Screenshot 2023-01-22 at 17 19 58 Screenshot 2023-01-22 at 17 20 45

I've uploaded the heap dump here, in case you are eager to explore it yourself. The project to look out for is acme-commerce. I am not really familiar with how to debug m2e inside Eclipse. Any pointers how to do that?

laeubi commented 1 year ago

I've uploaded the heap dump here, in case you are eager to explore it yourself.

I'll try to take a look at it the next days...

I am not really familiar with how to debug m2e inside Eclipse. Any pointers how to do that?

You need a dev environment: https://github.com/eclipse-m2e/m2e-core/blob/master/CONTRIBUTING.md#-developer-resources

then you can start an eclipse instance in debug mode from it and just import your project you like to take a deeper look.

odrotbohm commented 1 year ago

One thing I noticed, the cleanup code in PlexusContainerManager will only dispose containers, if the .mvn in a project is not a directory. Is that intended? The project I have here has a .mvn folder in its root (for the Maven wrapper).

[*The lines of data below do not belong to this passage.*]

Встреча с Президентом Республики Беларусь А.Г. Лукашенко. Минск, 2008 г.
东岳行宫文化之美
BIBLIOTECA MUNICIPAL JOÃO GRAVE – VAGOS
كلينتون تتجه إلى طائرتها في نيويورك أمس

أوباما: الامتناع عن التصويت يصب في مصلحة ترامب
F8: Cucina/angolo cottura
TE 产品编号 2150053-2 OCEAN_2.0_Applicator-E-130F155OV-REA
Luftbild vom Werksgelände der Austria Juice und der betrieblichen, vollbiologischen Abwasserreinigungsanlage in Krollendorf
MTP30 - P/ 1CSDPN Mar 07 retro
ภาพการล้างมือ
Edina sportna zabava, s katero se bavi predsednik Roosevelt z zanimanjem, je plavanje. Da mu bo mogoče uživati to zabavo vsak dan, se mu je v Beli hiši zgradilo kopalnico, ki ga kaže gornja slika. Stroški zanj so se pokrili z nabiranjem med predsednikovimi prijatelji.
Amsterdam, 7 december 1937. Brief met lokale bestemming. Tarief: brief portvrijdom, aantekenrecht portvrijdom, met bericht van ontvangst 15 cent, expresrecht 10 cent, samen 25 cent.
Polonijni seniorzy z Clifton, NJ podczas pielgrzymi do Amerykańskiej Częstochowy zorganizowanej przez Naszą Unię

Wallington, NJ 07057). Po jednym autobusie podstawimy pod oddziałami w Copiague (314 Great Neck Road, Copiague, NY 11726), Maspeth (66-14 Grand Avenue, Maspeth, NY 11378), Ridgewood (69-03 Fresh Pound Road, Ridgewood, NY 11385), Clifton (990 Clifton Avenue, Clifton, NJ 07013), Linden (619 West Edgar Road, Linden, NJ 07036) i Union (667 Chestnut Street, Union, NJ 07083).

odrotbohm commented 1 year ago

I'll try to take a look at it the next days...

You need a dev environment…

Thanks for that and the pointers, I'll see what I can do.

laeubi commented 1 year ago

One thing I noticed, the cleanup code in PlexusContainerManager will only dispose containers, if the .mvn in a project is not a directory. Is that intended? The project I have here has a .mvn folder in its root (for the Maven wrapper).

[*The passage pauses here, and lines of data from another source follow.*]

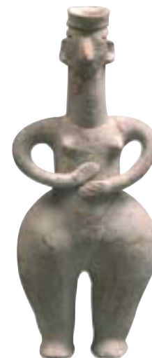
Statuette en terre cuite, Iran (vers 900 av. J.-C.).

Exposition jusqu'au 2 octobre. Tél. 05 49 05 12 13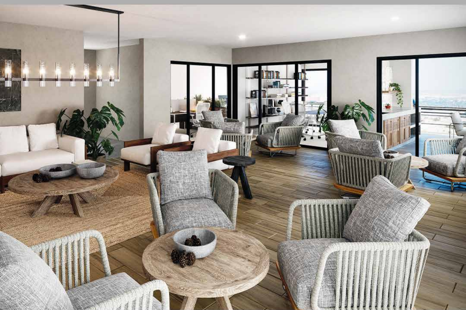
ROOF GARDEN - ÁREA COMÚN

*Imágenes con fines estrictamente ilustrativos para mostrar características generales del proyecto ofrecido y no constituyen una representación exacta de la realidad.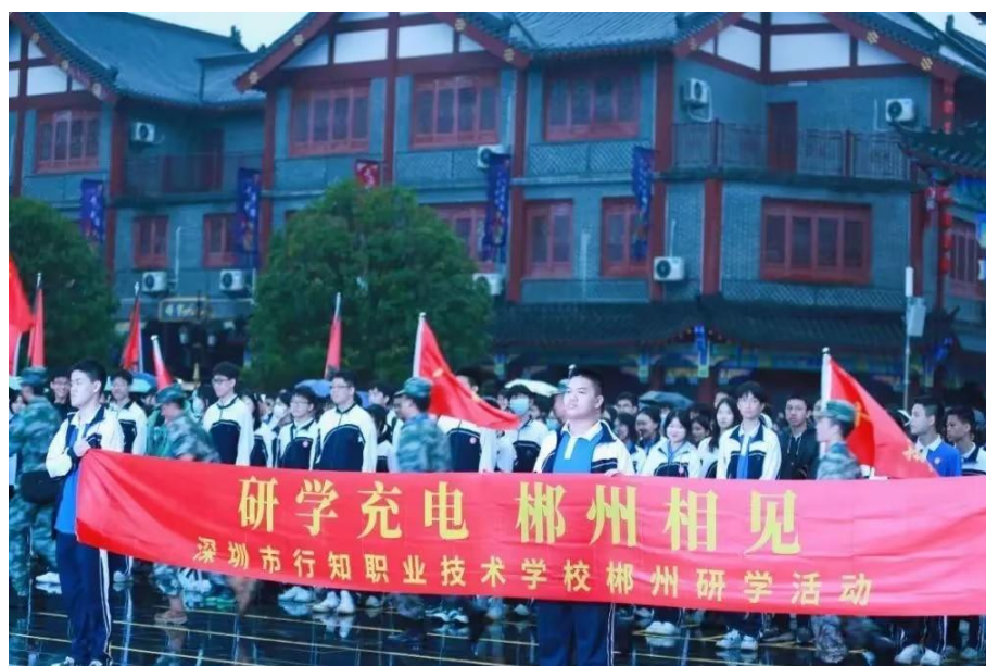
湖南郴州研学活动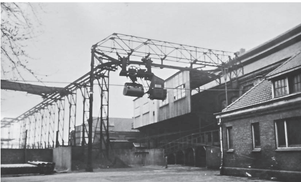
De transportinstallatie voor de kolen

Bussum groeide van nog geen 3000 inwoners in 1886 tot ruim 5000 in 1896. Het bedrijf kon de uitbreiding van het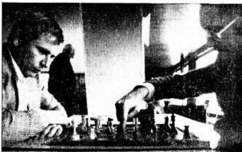
Concentration, technique et finesse, tels sont les caractéristiques de ce sport.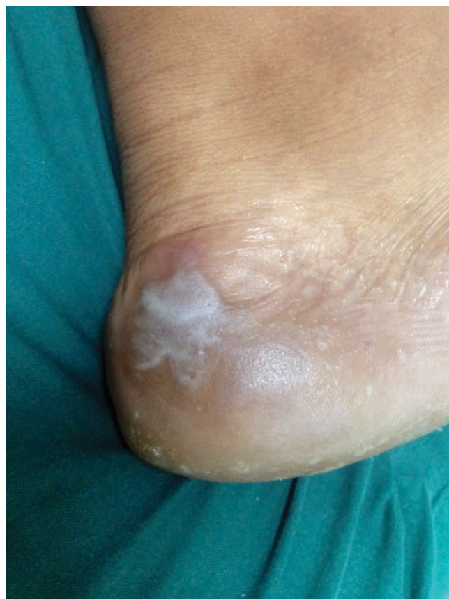
Figura 2 - Após 5 minutos em imersão na água de torneira à temperatura ambiente, evidencia-se pápulas hipocrômicas, edematosas, com alguns óstios glandulares dilatados, limites bem definidos, coalescendo em placa maior.

A queratodermia aquagénica palmo plantar (QAPP) é uma entidade rara que se caracteriza pelo surgimento de edema, pápulas hipocrômicas, com dilatação dos óstios das glândulas sudoríparas nas regiões de palmas e, mais raramente, plantas, após contato de segundos até cinco minutos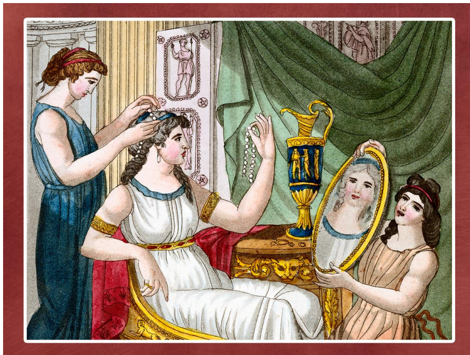
7. kép: Modern módszer vagy ősi szépségpraktika? forrás: Tóth (2020)

https://www.noklapja.hu/aktualis/2020/09/13/okori-szepsegepraktikak-otthoni-szepsegapolas/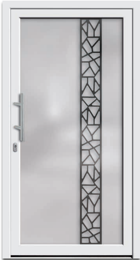
Modell 6217-01 | 2-fach Verglasung: mattiertes Glas mit klarem Motiv | Griff: 9022-13 Edelstahl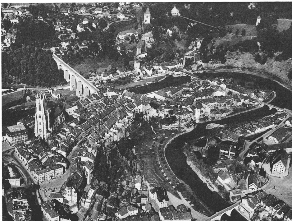
Vue partielle de la ville de Fribourg prise du sud-ouest (page 52)

The container should effectively never be disposed.

odrotbohm commented 1 year ago

I got to debug the build of the project and I see a ClassRealm instance created for each of the declared build plugins. For the build execution, MavenExecutionContext calls BuildPluginManager.executeMojo(…). That at some point ends up in LifecycleManager.manage(Class) which keeps the handed type in a Map (lifecycles). As that type is a different Class instance, as it in turn gets loaded from a different ClassRealm every time, this Map grows unbounded and maintains strong references to the outdated ClassRealms that then cannot be GCed.

To me, it seems like that, if we want to reuse the underlying core Maven abstraction instances, we have to make sure, that we pass a ClassRealms into Maven via the MojoDescriptor contained in the MojoExecution, as DefaultBuildPluginManager.getPluginRealm(…) uses that. Currently, that realm is null, a new ClassRealm is created, and thus LifecycleManager.manage(…) sees a different Class object for every invocation.

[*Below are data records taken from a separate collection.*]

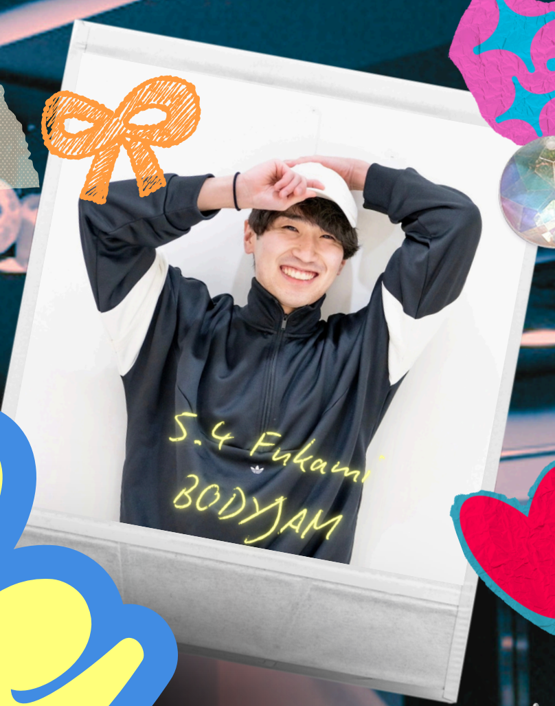
S.4 Fukami BODYJAM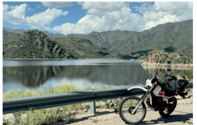
Paisagens exuberantes no trajeto percorrido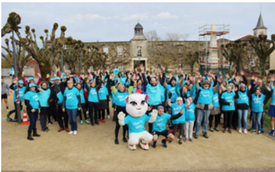
Le 22 mars en soirée, participez à la chaîne humaine et solidaire qui parcourra les rues de la ville. Chaque maillon compte !

Comme les années précédentes, chaque Ludréen pourra, à titre individuel, effectuer un don en ligne sur le site de Mars Bleu et s'inscrire aux deux temps forts du mois : l'Enduro trail « 12 heures contre le cancer », organisé par l'association ludréenne ALTER, le 16 mars sur le Plateau des Loisirs, et le défilé populaire dans les rues de Ludres qui prendra le 22 mars en soirée un virage festif avec animations, place Ferri.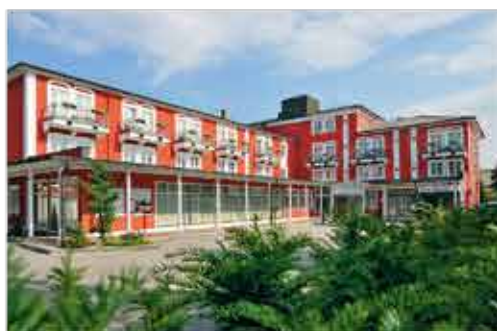
Außenansicht, 3+ Hotel Füssinger Hof

Freizeit/Kur/Unterhaltung: Entspannung finden Sie u.a. auf der Liegewiese oder in der hoteleigenen Therapieabteilung, wo Ihnen gegen Aufpreis unterschiedliche Massagen angeboten werden. In der größten Therme Deutschlands, der Johannesbad Therme, stehen Ihnen zahlreiche Becken im Innen- und Außenbereich zum täglichen Thermalbaden kostenfrei zur Verfügung.

odrotbohm commented 1 year ago

A couple more details: the DefaultBuildPluginManager used in MavenExecutionContext.executeMojo(…) contains a DefaultMavenPluginManager which in turn contains a EclipsePluginRealmCache. That one gets flushed for each call to MavenProjectCache.flushMavenCaches(…) (called for each project update). That cache emptied causes the cache miss that ultimately results in the lookup on LifecycleManager as the ClassRealm needs to be recreated.

laeubi commented 1 year ago

@odrotbohm thanks for the analysis, do you like to provide a PR for this?

If you can implement/fix the caching, it should use some kind of SoftReference approach so the GC can clean it out if is required, the flush at project update is fine as we can't know if the realm was changed due do changed project settings, but on incremental builds it should be fine to cache things.

odrotbohm commented 1 year ago

I'm not confident to do that (yet), as this could be solved in a couple of ways involving parties not involved in the discussion yet, and I don't know what their stance on the topic is. For example, I am totally unaware which of the instances I am seeing in the debug session are and can be cached, how expensive it is to recreate them etc.

I think the main culprit is that the PlexusContainerdoes not get reinitialized for a project updates. To test whether that would make a difference, I've added a call to PlexusContainerManager.dispose() from MavenProjectCaches.flushCaches(…) and now I see the class loading graph behave as expected: piling up new classes for project refreshes, but falling back to the original number of loaded classes after a manual GC.

Do you think that's an adequate approach? I'm sure the design of PlexusContainerManager and especially the way it handles its internal container instances has seen some thought.

laeubi commented 1 year ago

As said the container should stay as it is, but plugin (or project)-realms might be disposed if no longer needed.

odrotbohm commented 1 year ago

I don't think it can as otherwise the LifecycleManager instance stays around which keeps references to classes as described above. I also don't think disposing project ClassRealms will help. With the PluginRealmCache wiped on project update, this causes the new ClassRealms created and build plugin classes loaded with that. I think that wiping the cache is correct and to some degree even needed to reinitialize the build plugins on project updates, but the way LifecycleManager is designed (using classes as Map keys), it would need to be reset as well and – and I am totally not an expert on this – it felt cleaner to me to wipe the entire build DI container rather than trying to get it to reset an individual managed object's instance.

I'm sure there's a way to be more precise and only wipe the container instance for the project under update, but I didn't want to mess with the way the instances are managed, as that looked rather complex and – as I tried to indicate above – in place for a reason. But conceptually, I think it would be consistent to also re-initialize the plexus container to get a fresh start for the project under update, wouldn't it?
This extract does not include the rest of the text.